=== Records for processing ===

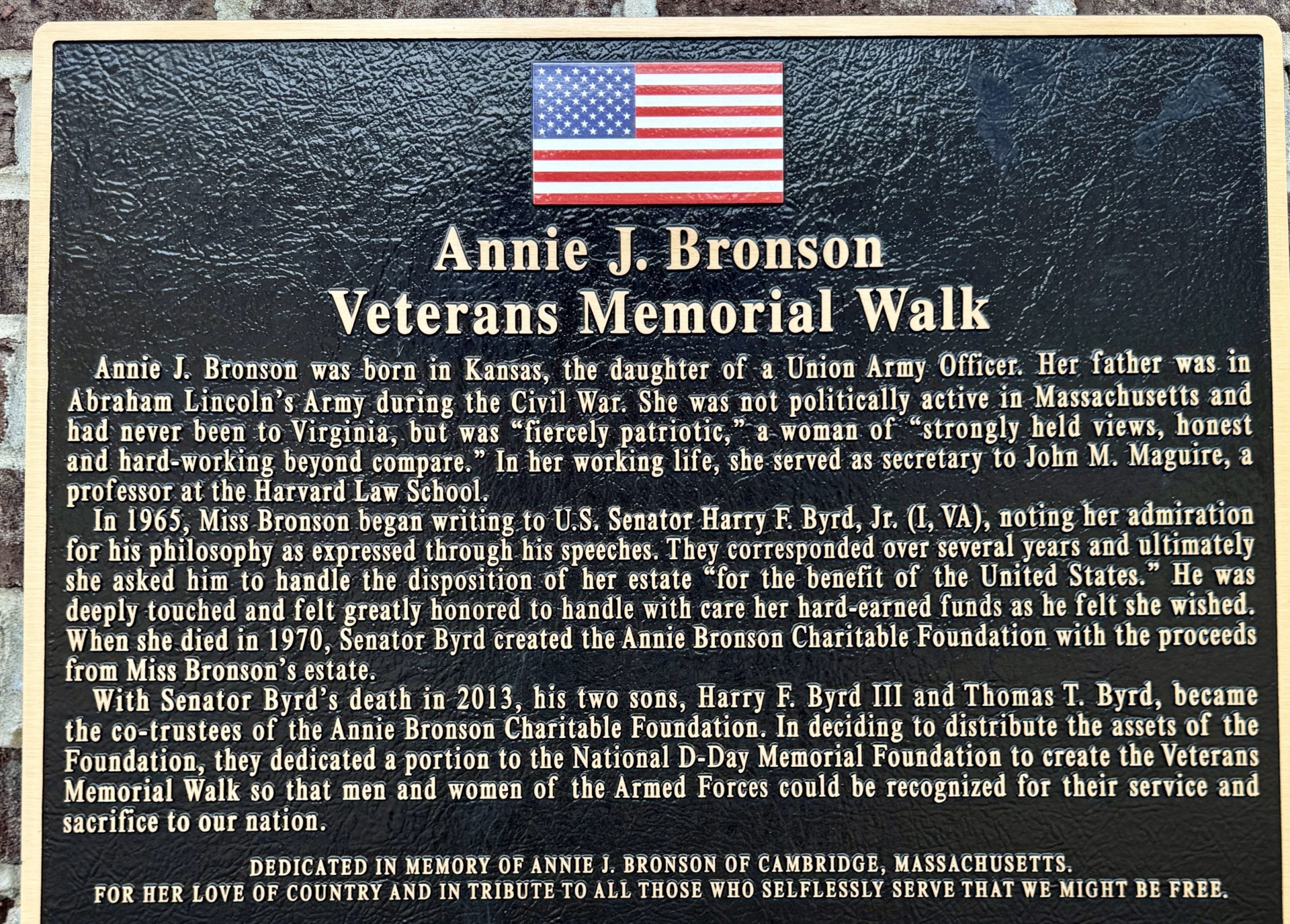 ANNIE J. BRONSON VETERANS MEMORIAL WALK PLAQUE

===
=== Records for processing ===

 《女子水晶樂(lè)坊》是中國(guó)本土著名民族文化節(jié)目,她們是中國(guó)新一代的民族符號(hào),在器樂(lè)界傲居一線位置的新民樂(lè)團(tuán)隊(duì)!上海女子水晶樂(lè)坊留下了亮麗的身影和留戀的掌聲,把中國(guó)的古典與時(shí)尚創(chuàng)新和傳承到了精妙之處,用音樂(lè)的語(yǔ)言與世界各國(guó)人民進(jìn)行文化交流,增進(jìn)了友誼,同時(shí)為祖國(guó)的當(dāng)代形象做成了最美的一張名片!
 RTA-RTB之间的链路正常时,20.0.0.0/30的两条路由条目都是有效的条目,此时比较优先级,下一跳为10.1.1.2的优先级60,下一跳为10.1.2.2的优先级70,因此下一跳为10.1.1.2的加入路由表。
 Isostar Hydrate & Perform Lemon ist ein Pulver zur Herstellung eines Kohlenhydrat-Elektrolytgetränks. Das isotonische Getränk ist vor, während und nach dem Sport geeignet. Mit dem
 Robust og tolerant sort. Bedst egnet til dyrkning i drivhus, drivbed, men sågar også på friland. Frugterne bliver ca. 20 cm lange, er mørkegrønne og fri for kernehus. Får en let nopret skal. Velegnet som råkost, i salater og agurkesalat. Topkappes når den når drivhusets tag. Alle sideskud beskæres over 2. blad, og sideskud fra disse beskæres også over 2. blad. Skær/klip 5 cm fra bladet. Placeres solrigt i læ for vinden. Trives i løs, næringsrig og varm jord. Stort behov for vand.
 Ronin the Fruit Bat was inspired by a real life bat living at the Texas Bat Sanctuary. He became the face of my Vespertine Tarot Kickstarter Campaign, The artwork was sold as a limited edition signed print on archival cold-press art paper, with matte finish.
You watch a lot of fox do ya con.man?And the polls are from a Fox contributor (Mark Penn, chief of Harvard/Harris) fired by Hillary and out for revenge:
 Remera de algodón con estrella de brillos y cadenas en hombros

===

(Work required)
In the data above, retype exactly and only the lines between the one holding "Isostar Hydrate &" and the one holding "Robust og tolerant", inclusive.

(Expected answer)
 Isostar Hydrate & Perform Lemon ist ein Pulver zur Herstellung eines Kohlenhydrat-Elektrolytgetränks. Das isotonische Getränk ist vor, während und nach dem Sport geeignet. Mit dem
 Robust og tolerant sort. Bedst egnet til dyrkning i drivhus, drivbed, men sågar også på friland. Frugterne bliver ca. 20 cm lange, er mørkegrønne og fri for kernehus. Får en let nopret skal. Velegnet som råkost, i salater og agurkesalat. Topkappes når den når drivhusets tag. Alle sideskud beskæres over 2. blad, og sideskud fra disse beskæres også over 2. blad. Skær/klip 5 cm fra bladet. Placeres solrigt i læ for vinden. Trives i løs, næringsrig og varm jord. Stort behov for vand.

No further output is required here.